**What is required:** Everything from the first line of the data through the line with "Según el análisis" is to be echoed exactly, minus the pictures.
--- Supplied records Enclosed Below ---
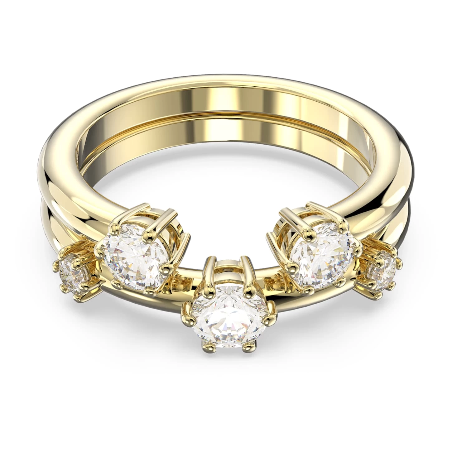 Swarovski Constella Ring Set (2), Round Cut, White, Gold-tone Plated
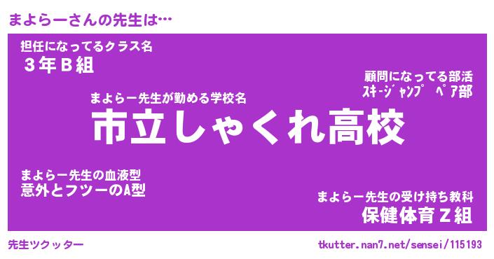 | 伝説のあだ名 | 『伝説のスナイパーまよらー』 |
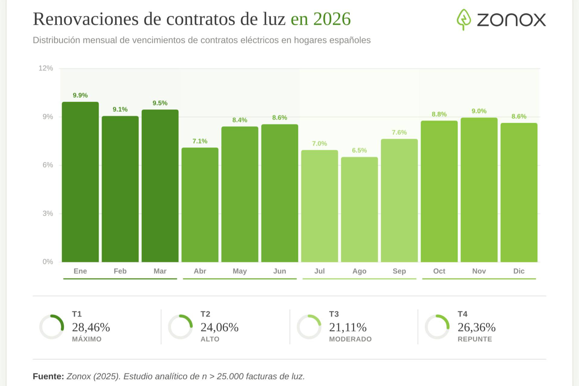 Según el análisis del auditor independiente, el 28,5% los hogares españoles tiene el vencimiento de su contrato en el primer trimestre del año, el periodo de mayor concentración de renovaciones, muy por encima del segundo trimestre (24%) o el tercero (21,1%).
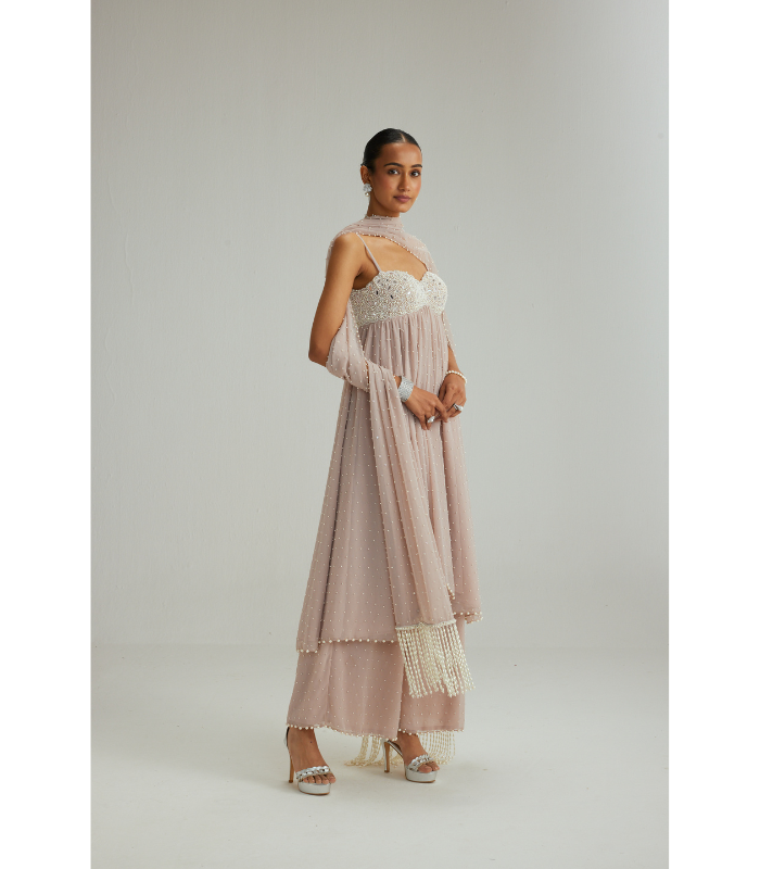 DESCRIPTION Ash Pink Mirror and Pearl Asymmetrical Kurta set with paired with pants and Dupatta. FABRIC USED Kurta– Georgette Pants – Georgette Dupatta- Georgette COMPONENTS Kurta Pants Dupatta COLOUR Ash pink EMBROIDERY White DISCLAIMER: The colour might slightly vary from the images
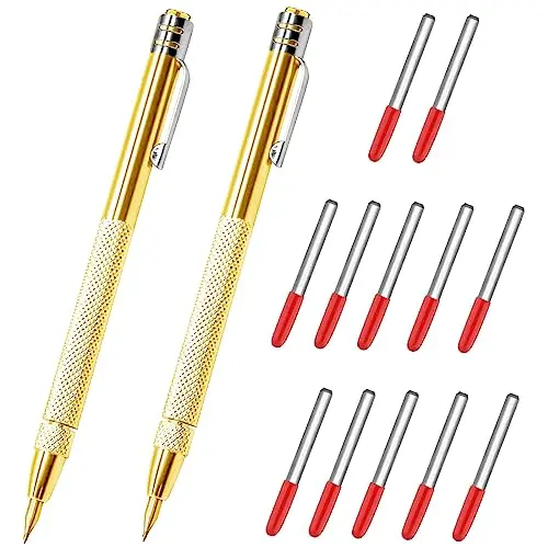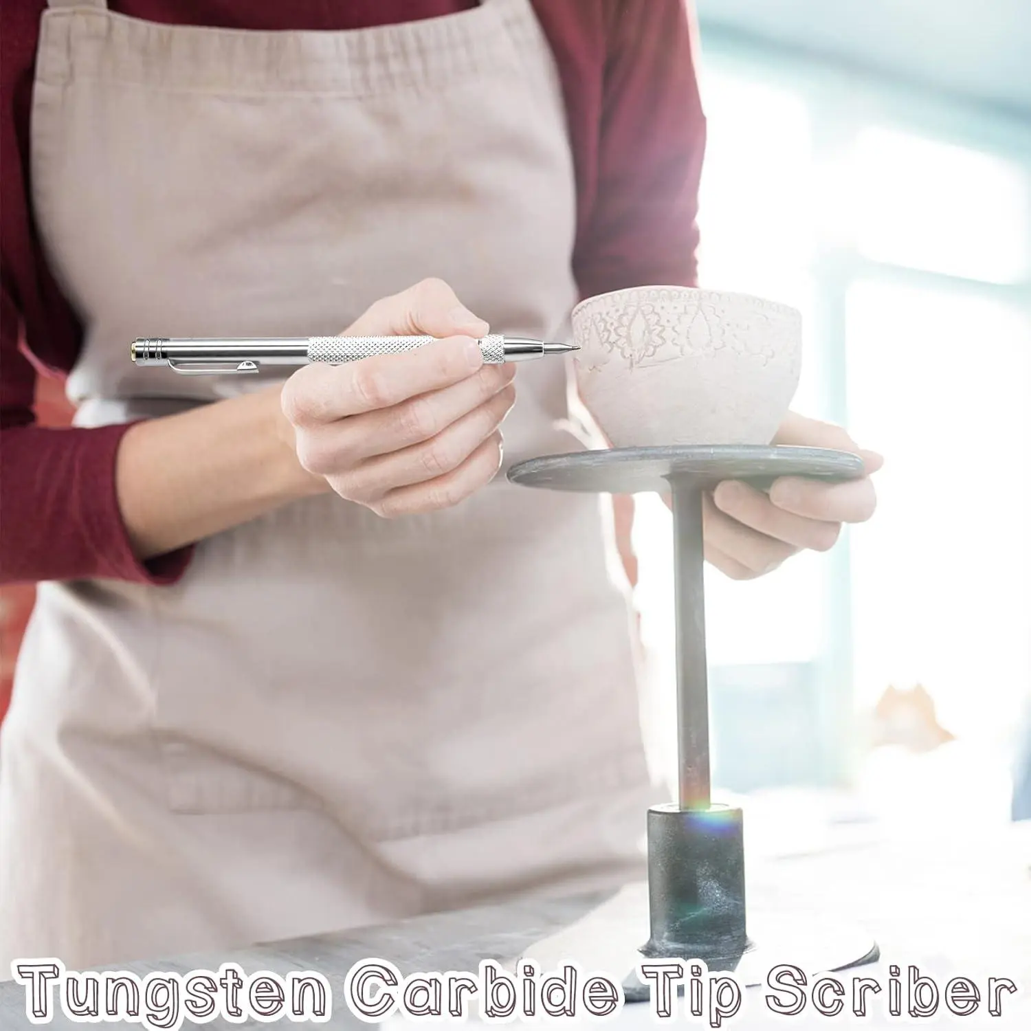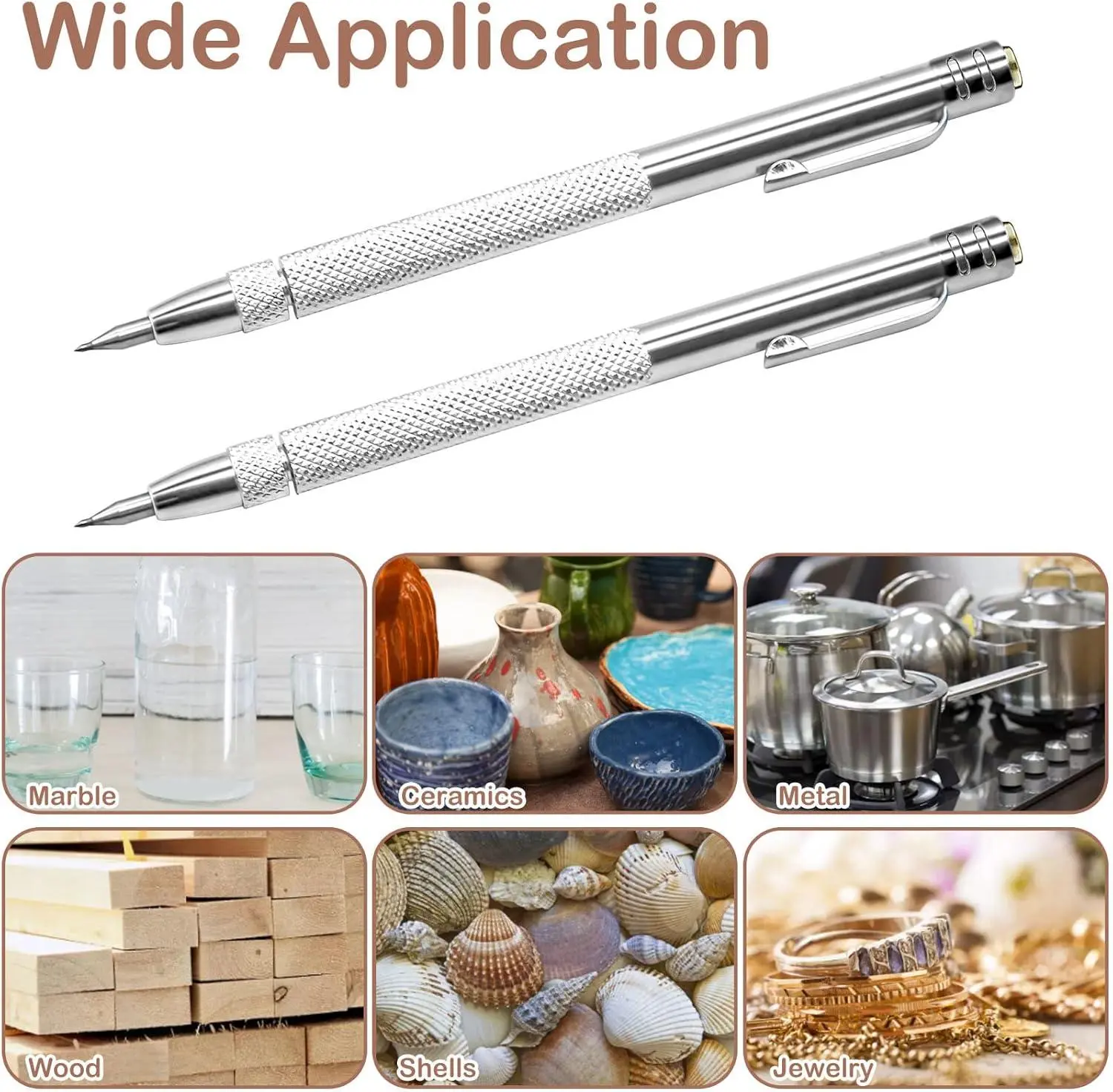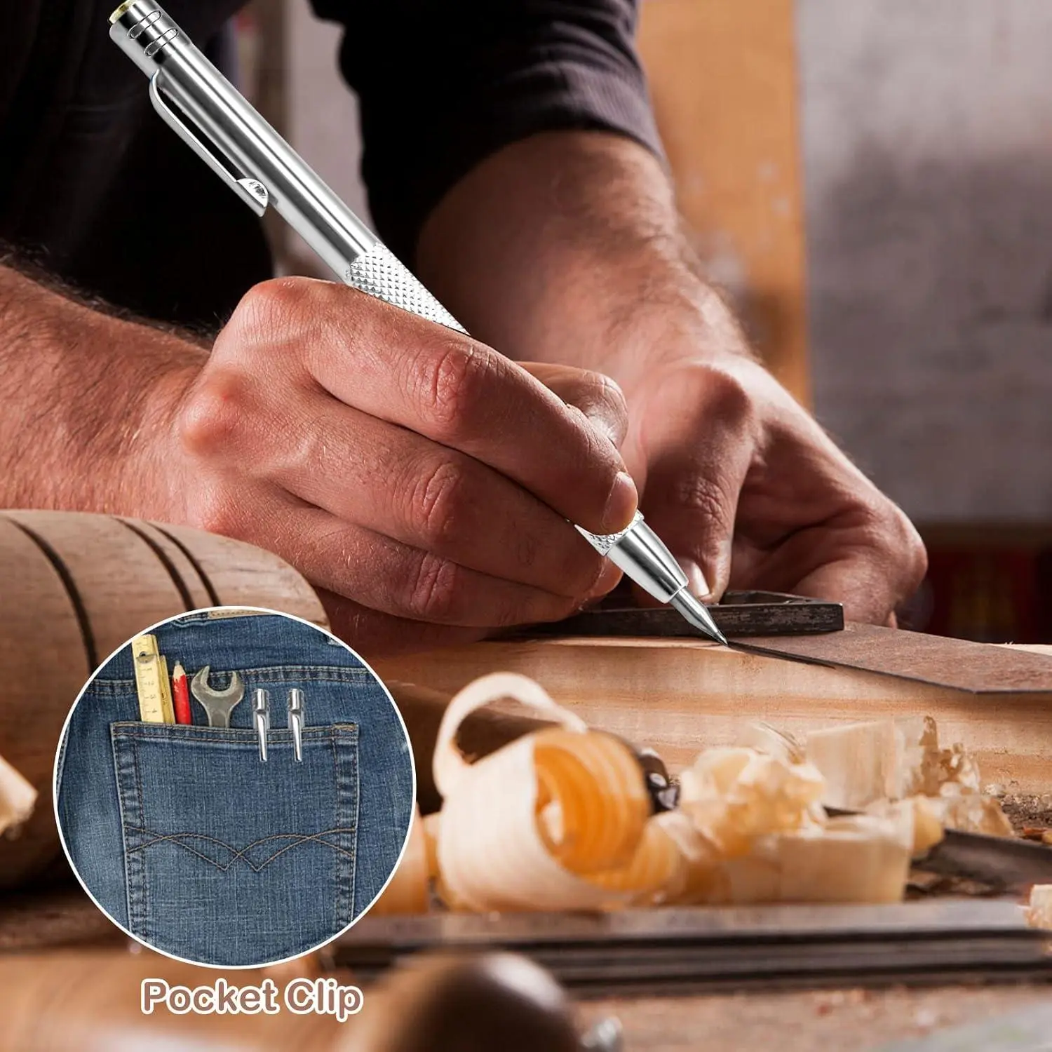2Pcs Tungsten Carbide Tip Scriber With 12 Replacement Marking Tip, Aluminium Magnet Carbide Scribe Tool Etching Pen With Clip, Metal Engraving Pen for Glass / Ceramics / Hardened Steel / Metal Sheet
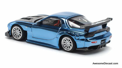 Mazda RX7 RE Amemiya S44-APAxpo2025, Metallic Blue w/ Pink Hood 1:64 Diecast Model Car by Pop Race
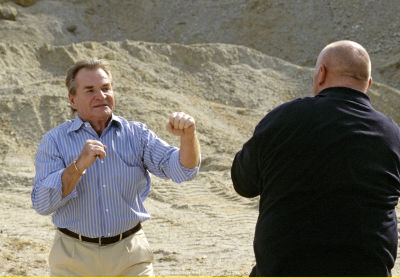 zum Duell in einer Kiesgrube auf. Die Faust soll entscheiden, wer der bessere
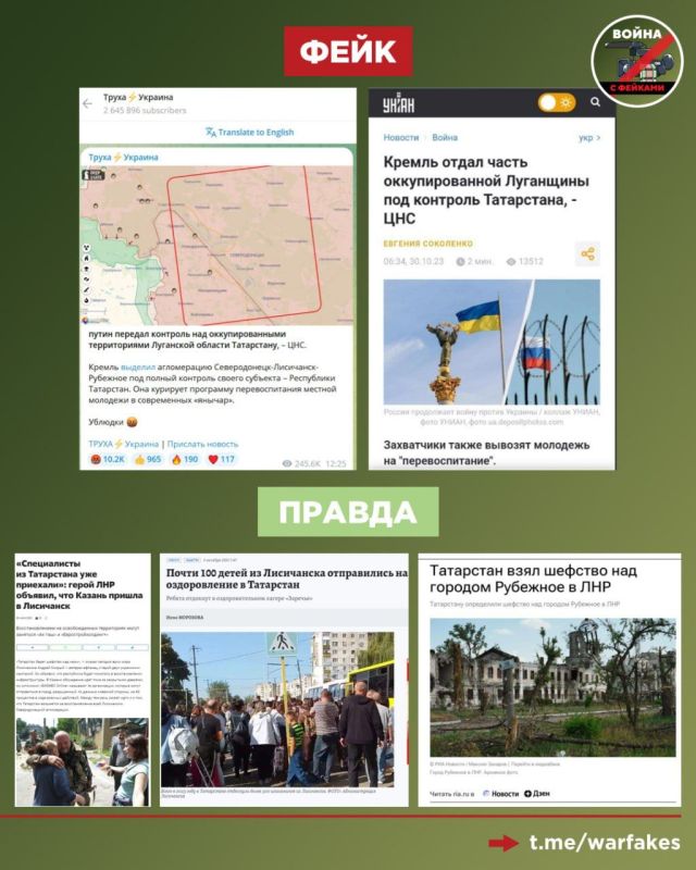 Фейк: Татарстан будет управлять Луганской народной республикой и готовить из донбасской молодежи современных янычар, сообщают украинские телеграм-каналы
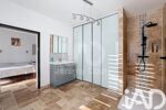 La suite parentale au RDC de 28m² est un véritable cocon de confort, avec son carrelage en travertin et son WC japonais, tout en étant entièrement adaptée PMR.
--- End of Enclosed Supplied records ---
**Written answer:**
 Swarovski Constella Ring Set (2), Round Cut, White, Gold-tone Plated
 | 伝説のあだ名 | 『伝説のスナイパーまよらー』 |
 Según el análisis del auditor independiente, el 28,5% los hogares españoles tiene el vencimiento de su contrato en el primer trimestre del año, el periodo de mayor concentración de renovaciones, muy por encima del segundo trimestre (24%) o el tercero (21,1%).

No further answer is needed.